As travelers look for less crowds and authentic vacations, personal lodging companies such as AirBnb and Vrbo leaned into the wants and needs of consumers through targeted campaigns. AirBnb has expertly shown viewers what to expect in our very unpredictable world when using their hosting/guest services through strategic storytelling of intimate vacations in a series called, “Made possible by Hosts”. My personal favorite is the “Bonnie and Clyde” montage of an adorable older couple who wanted a romantic getaway with a sound over of a Jay-Z song. Another fun montage in the series was the “Back in the Day” spot featuring a group of young friends who stayed at a retro house listening to vinyl and feeling like time travelers. This specific ad capitalized on how TikTok has influenced the travel perception. There is also a TikTok hashtag called “#houseswap” which has “generated approximately 10 million views and viral videos of users swapping houses on the social app.” (Fortune) Thanks to the trend “more than 40% of Gen Z employees plan to take a “workcation”” and the need for a hybrid home away was recognized quickly by Airbnb and others. (Fortune)
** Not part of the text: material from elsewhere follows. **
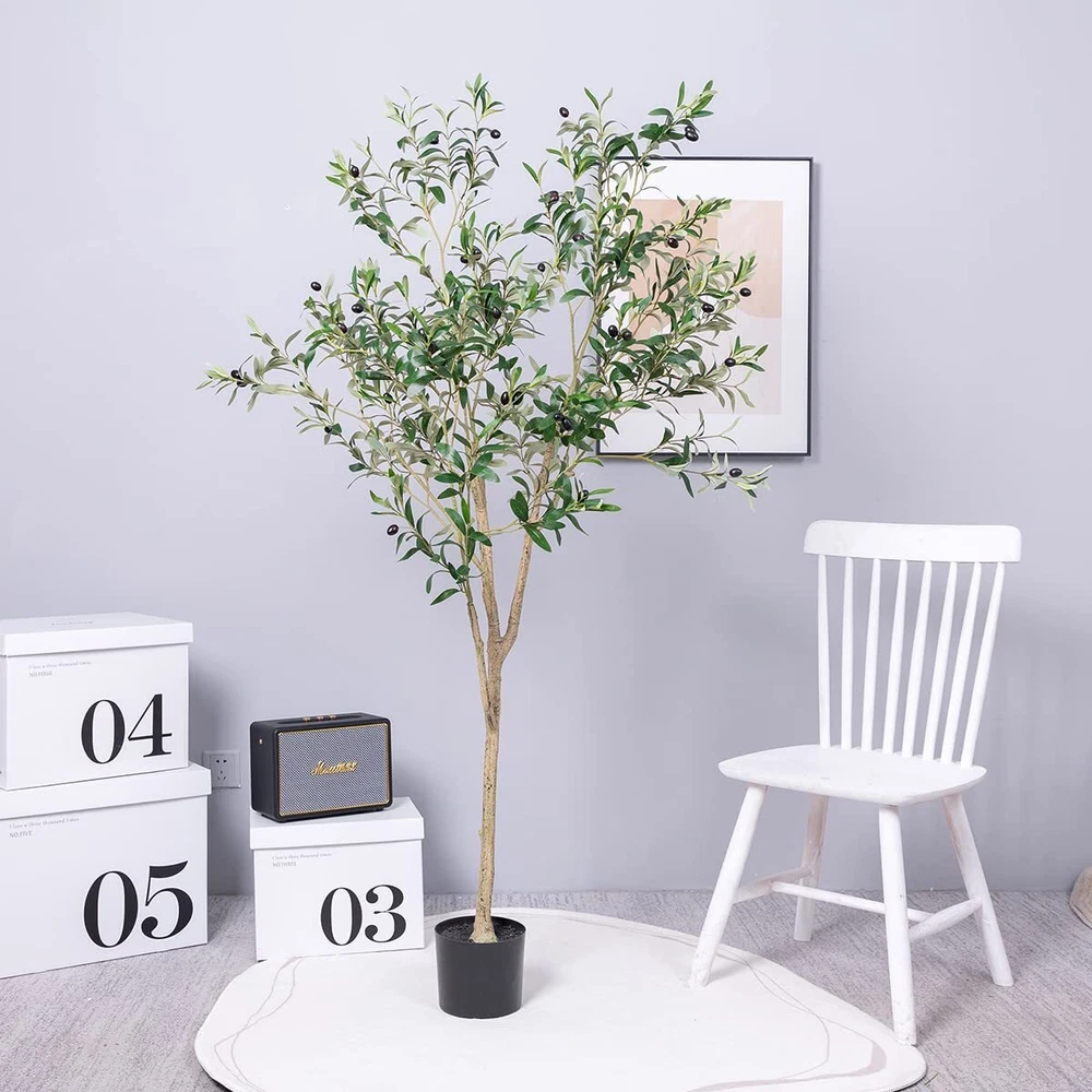 SIMULATED SIZE & GOOD MATERIAL - 6FT(1.8m)after assembly, you can adjust the height according to your preference and place. Green realistic craftsmanship adds green life to the room. The size of the faux olive tree is designed with reasonable home aesthetics, and the latest technology and high-quality polyester materials are used to ensure safety. VIVID REALISTIC SILK TREES - Trunks , branches and leaves is carefully designed and manufactured to truly replicate real plants. The olive trees artificial indoor are lifelike, when it is windy, it can sway in the breeze, creating a natural and comfortable atmosphere, bringing you comfort and adding color to your room. FREE MAINTANCE - This artificial olive tree doesn't need sunlight, and fertilizing and watering it will save you from the trouble of falling leaves. Make sure artificial olive tree are lifelike, evergreen, and require no pruning. No need to water every day or pay special attention, just wipe it off with a damp cloth when it gets dusty. Suitable for living room, shop, bedroom, office and other places GOOD THINGS FOR DECORATION - The indoor fake olive tree symbolize peace, tenacious fighting spirit , life and eternity. In your home, bedroom or office, having an olive tree in your store may bring you unexpected goodies. At the same time, the dark green leaves look pleasing to the eye, relieve your fatigue of the day , and give you peace. CONSIDERATE AND PRACTICIAL AND FUNCTIONDESIGN - The tall olive tree is made of high-quality polyester fiber plastic, professional flower plastic and the height is adjustable. The craftsmanship can be visually realistic and tactile. The green little fruit is so cute that one can't help but take a bite and pinch it. The concrete base enhance the overall stability and prevents children and pets from tripping over it.

And speaking of social media…
In terms of booking trips, travelers looking on travel websites are likely to be influenced prior to even reaching the site by none other than social media. Social media may seem like a place to brag about a vacation, but that brag is also helping viewers discover where they should vacation next. Social Toaster reported that “84% of millennials say that they are likely to plan their own vacation based on someone else’s social posts.” (Social Toaster) Having an influencer or friend take a trip first allows for an in-depth review of the experience before they themselves take that trip. Not to mention, “86 percent of people (and 92 percent of Gen Z) said they’ve become interested in a specific location after seeing user-generated content” regarding that location. (Stackla) Travel messaging on social media is not new, however utilizing this insight seemed untapped until now. TikTok alone currently has ten or more travel video formats common to couples and friends traveling to take along their journey. There are also “travel hacks” on TikTok that show users potentially effective ways to travel more comfortably and affordably. (TravelPulse) National Geographic even has a multiple page article on how TikToK is changing the travel scene by acting like a travel agent for viewers. Social media is the social sphere keeping travel flowing by word of mouth, or better yet pictures. “The easiest way to start travel planning with TikTok is to follow a hashtag, such as #Mexico or #rollercoasters,” and the algorithm on the “For You” page does the rest to get you interested in a destination or travel experience. (National Geographic) The social landscape thanks to COVD-19 has want-to-be travelers excited than ever and thus as shown for marketers, it is a peak time to utilize social influencing tools.
According to Travel and Leisure, “travel is anticipated to generate nearly $2 trillion of the U.S. economy in 2022.” (Travel + Leisure) To ensure travel services get a piece of that revenue after the initial devastating impacts of COVID-19 travel companies worked smart by creating a strategic plan. Through smart targeting, reinvestment in impression driven opportunities, crafted messaging, and insightful listening is proving to be the best solution that turns a difficult time back into a successful future.